**Stored records:**
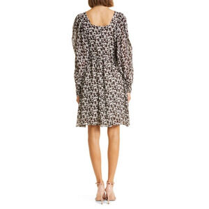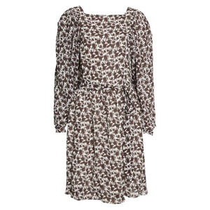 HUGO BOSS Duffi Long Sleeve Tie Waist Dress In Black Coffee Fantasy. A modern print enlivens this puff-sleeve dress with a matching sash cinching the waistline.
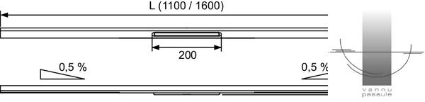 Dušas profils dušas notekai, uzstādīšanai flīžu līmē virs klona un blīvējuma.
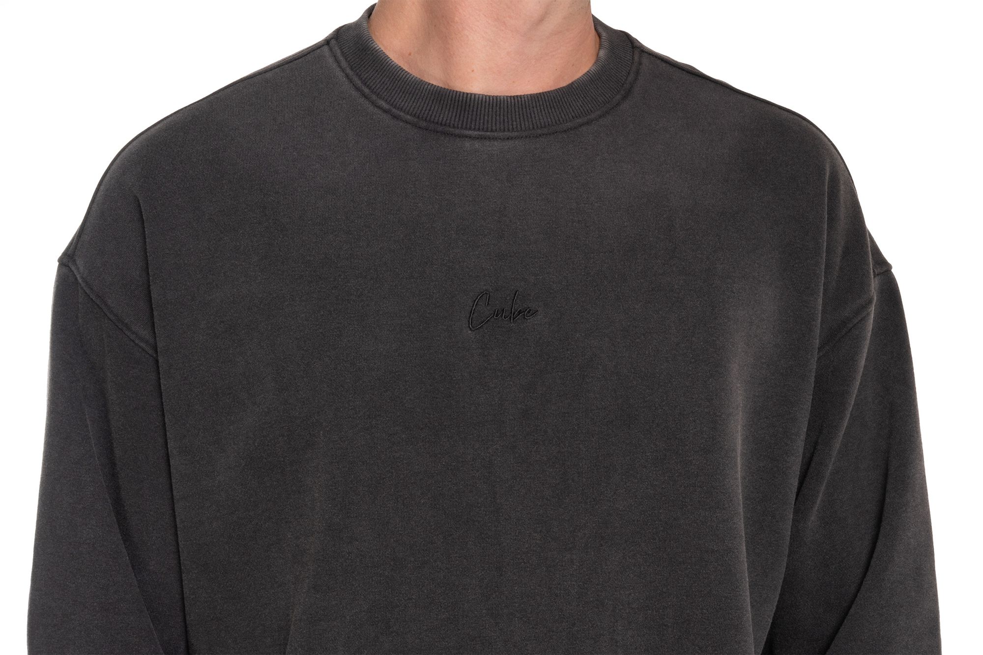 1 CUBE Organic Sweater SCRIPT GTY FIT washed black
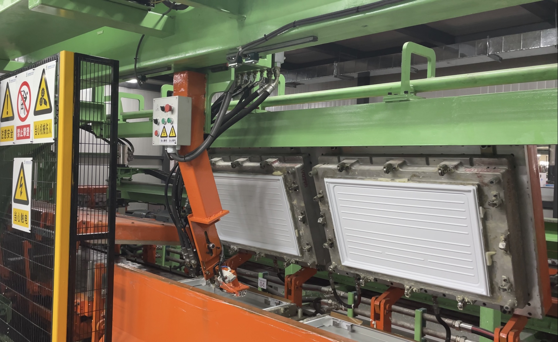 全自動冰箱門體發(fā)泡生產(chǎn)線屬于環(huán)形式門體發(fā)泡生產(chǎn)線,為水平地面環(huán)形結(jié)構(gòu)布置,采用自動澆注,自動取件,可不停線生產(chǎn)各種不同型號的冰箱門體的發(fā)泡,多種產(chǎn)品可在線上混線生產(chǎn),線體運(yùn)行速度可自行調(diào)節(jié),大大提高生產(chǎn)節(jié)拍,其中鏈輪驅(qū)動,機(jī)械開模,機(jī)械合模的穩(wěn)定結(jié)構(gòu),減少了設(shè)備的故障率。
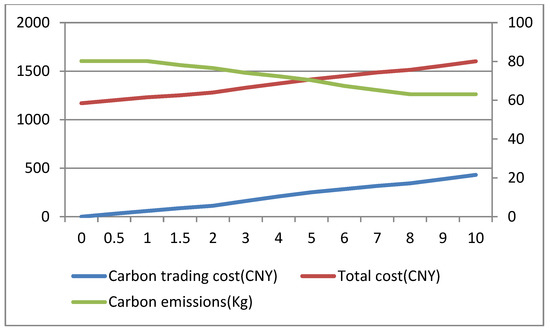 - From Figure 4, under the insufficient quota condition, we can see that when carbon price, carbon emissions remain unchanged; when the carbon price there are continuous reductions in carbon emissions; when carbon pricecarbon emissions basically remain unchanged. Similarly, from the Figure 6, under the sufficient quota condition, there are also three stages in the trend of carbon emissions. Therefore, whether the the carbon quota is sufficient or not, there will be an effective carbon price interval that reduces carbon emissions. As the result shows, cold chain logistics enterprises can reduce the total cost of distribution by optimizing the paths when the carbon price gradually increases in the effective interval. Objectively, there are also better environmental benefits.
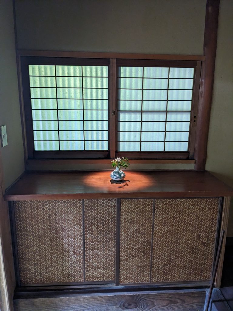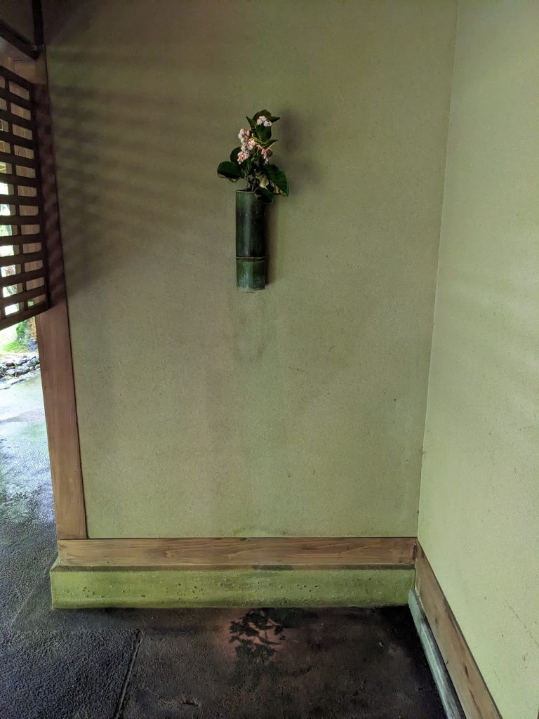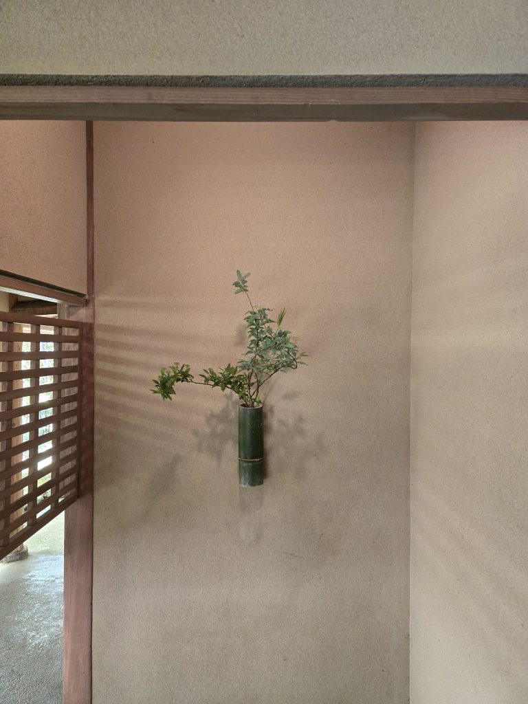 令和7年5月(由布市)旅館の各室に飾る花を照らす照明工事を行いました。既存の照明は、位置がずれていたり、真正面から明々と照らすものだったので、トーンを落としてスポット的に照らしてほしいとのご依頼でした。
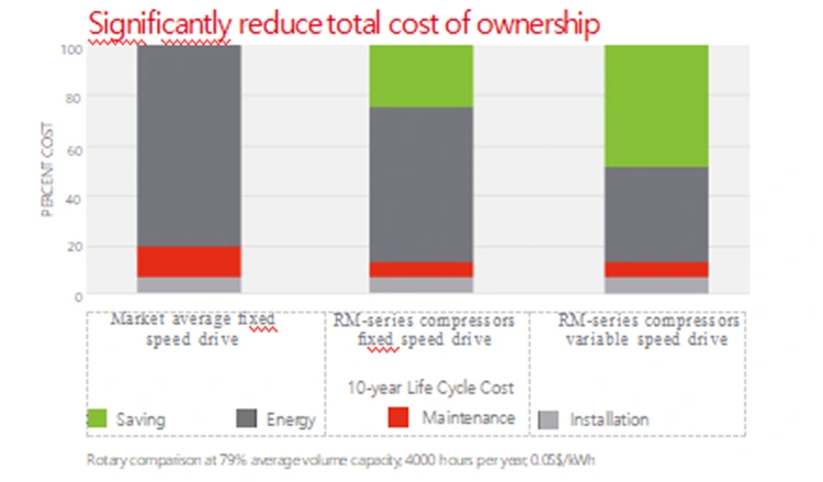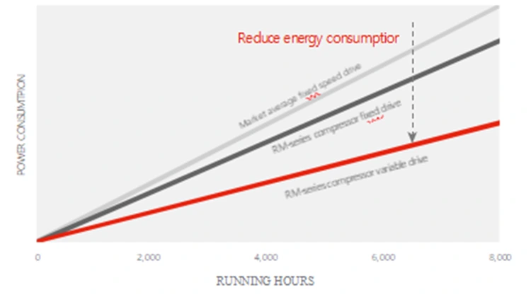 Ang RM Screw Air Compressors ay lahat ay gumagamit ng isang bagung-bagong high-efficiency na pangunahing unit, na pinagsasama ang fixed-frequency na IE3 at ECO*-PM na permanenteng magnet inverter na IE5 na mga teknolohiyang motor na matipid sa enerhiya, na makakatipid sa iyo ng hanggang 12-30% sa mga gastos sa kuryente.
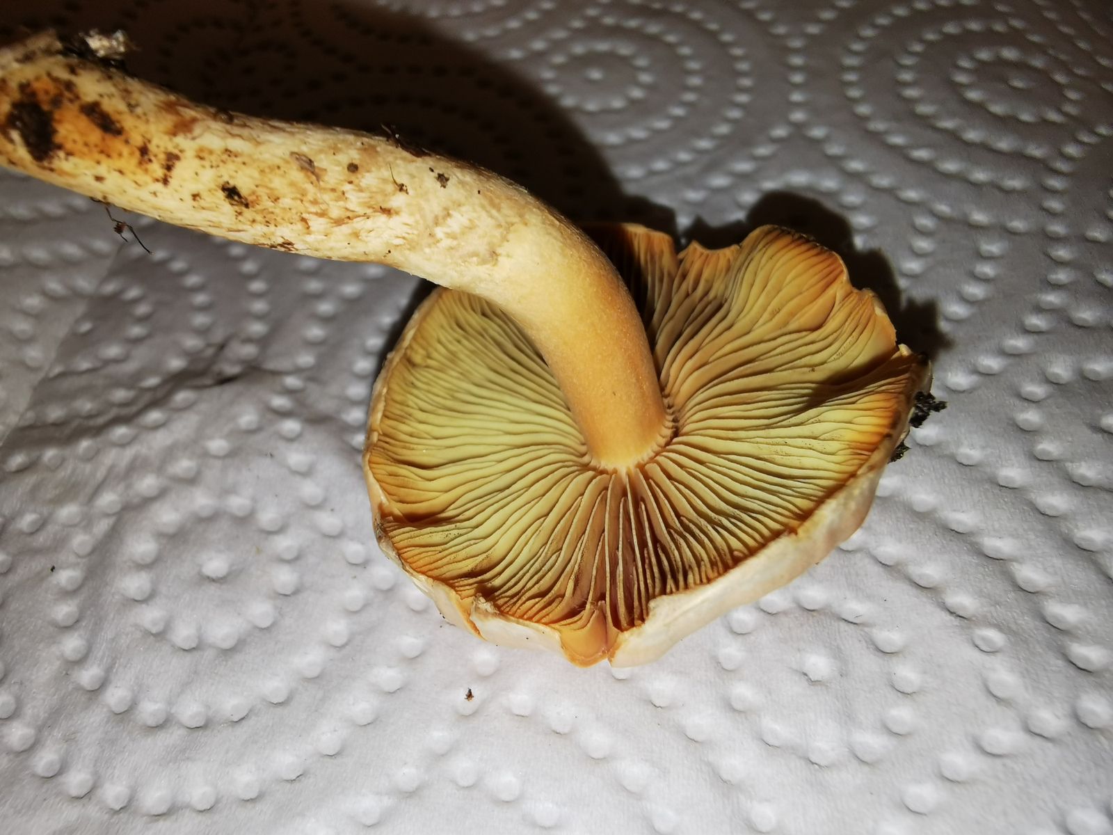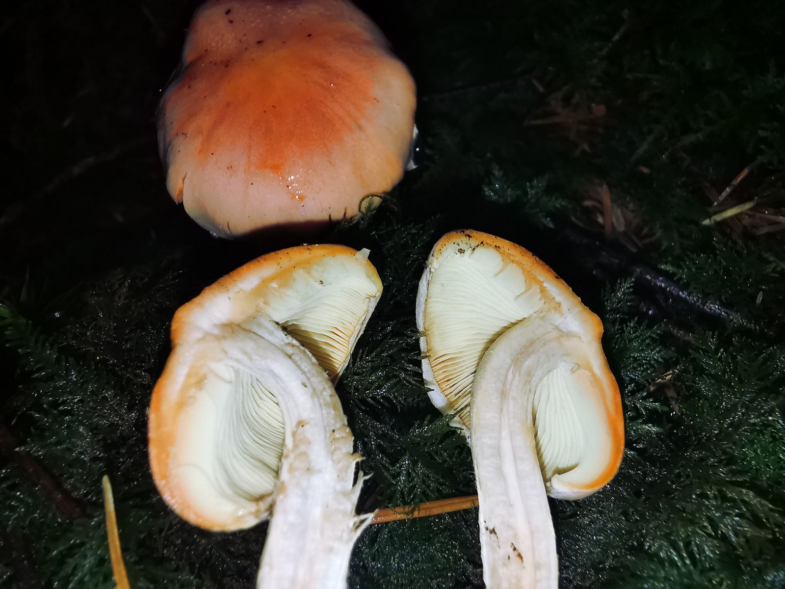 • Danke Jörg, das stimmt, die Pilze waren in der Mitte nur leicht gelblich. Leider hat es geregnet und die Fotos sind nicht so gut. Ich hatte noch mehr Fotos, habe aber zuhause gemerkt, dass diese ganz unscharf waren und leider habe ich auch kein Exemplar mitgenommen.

**Exercise:** Copy out only the lines from the one containing "令和7年5月(由布市)旅館の" to the end of the entries, unchanged. Drop the pictures.

**Reply:**
 令和7年5月(由布市)旅館の各室に飾る花を照らす照明工事を行いました。既存の照明は、位置がずれていたり、真正面から明々と照らすものだったので、トーンを落としてスポット的に照らしてほしいとのご依頼でした。
 Ang RM Screw Air Compressors ay lahat ay gumagamit ng isang bagung-bagong high-efficiency na pangunahing unit, na pinagsasama ang fixed-frequency na IE3 at ECO*-PM na permanenteng magnet inverter na IE5 na mga teknolohiyang motor na matipid sa enerhiya, na makakatipid sa iyo ng hanggang 12-30% sa mga gastos sa kuryente.
 • Danke Jörg, das stimmt, die Pilze waren in der Mitte nur leicht gelblich. Leider hat es geregnet und die Fotos sind nicht so gut. Ich hatte noch mehr Fotos, habe aber zuhause gemerkt, dass diese ganz unscharf waren und leider habe ich auch kein Exemplar mitgenommen.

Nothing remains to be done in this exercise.